Introduction: Scrappy Integrated Grbl CNC Controller & Power
This 'ible describes an integrated unit of
- CNC motion controller,
- controller power,
- switched and fused motor power,
- ABORT/HOLD/RESUME inputs, and
- indicator LEDs
that is not attached to any single machine. Combining these parts into a simple separate unit simplifies playing with random scrappy machine parts like scrap CD/DVD drive sleds. The major parts cost less than $10, if you don’t already have them lying around waiting for a project, and the rest can be whatever works from found scraps.
...emphasizing “scrap” for the 2020 Scraps Speed Challenge...
The Scraps Challenge description says there’s a difference between trash and scrap - without saying much about the difference. ...?... So let’s say: stuff intercepted on the way to landfill and directly restored or repurposed from its discarded form was trash; and retained leftovers or bits harvested out of forgotten trash of the past because it could be raw material for anything is now scrap.

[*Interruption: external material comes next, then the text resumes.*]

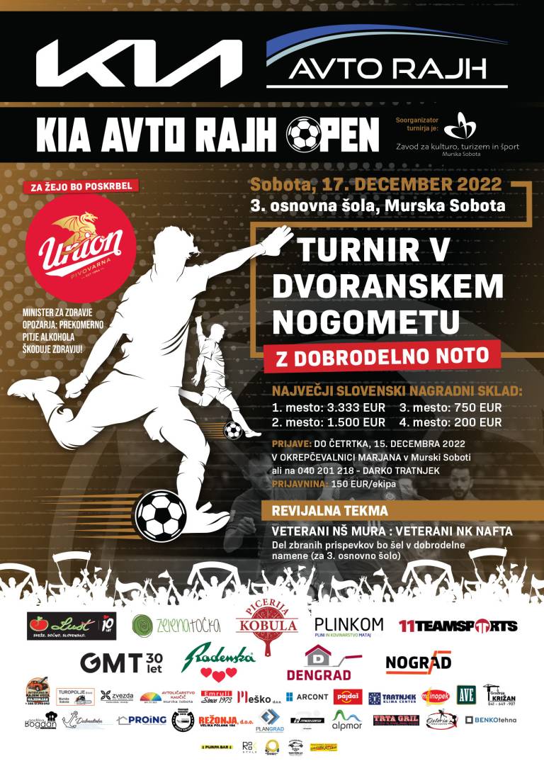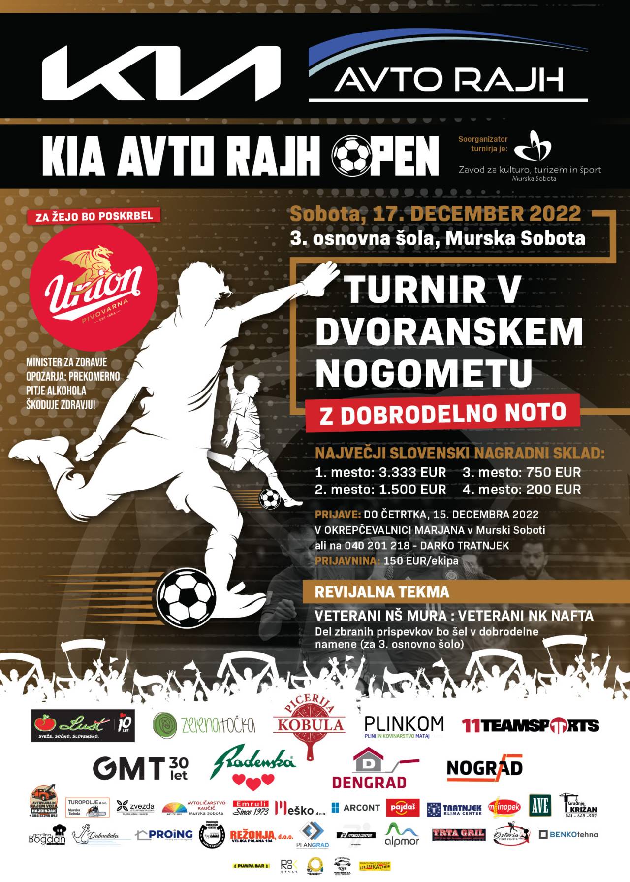 Športna dvorana Osnovne šole III Murska Sobota bo jutri gostila futsal turnir Kia Avto Rajh Open, na katerem se bo šestnajsterica ekip pomerila za najvišji slovenski nagradni sklad.

Everybody has access to different scraps of different kinds, so this is more of an inspirational example than a repeatable how-to. You can get to the same end by the road that starts where you are.
Some amazing projects by other people provide the important parts that make this work.
- Grbl - “no-compromise, high performance, low cost” motion control software “utilizing every clever feature of the AVR chips” to extract high performance from low-cost Arduino boards like UNO
- Stepper motor driver modules - in a format pioneered by Pololu Robitics & Electronics. Driving stepper motors to their best performance is tricky business. There are several sophisticated ICs to help with the job and Pololu developed a tidy package that has become a common modular interface for many different stepper driver ICs.
- Protoneer CNC shield - all the power and interface details to go between (up to) four stepper drivers and an Arduino board in a tidy “shield” format
- Arduino UNO R3 - a microcontroller board that runs Grbl and fits the CNC shield
- All of the above in a single kit, for less than $10 (USD, at time of writing)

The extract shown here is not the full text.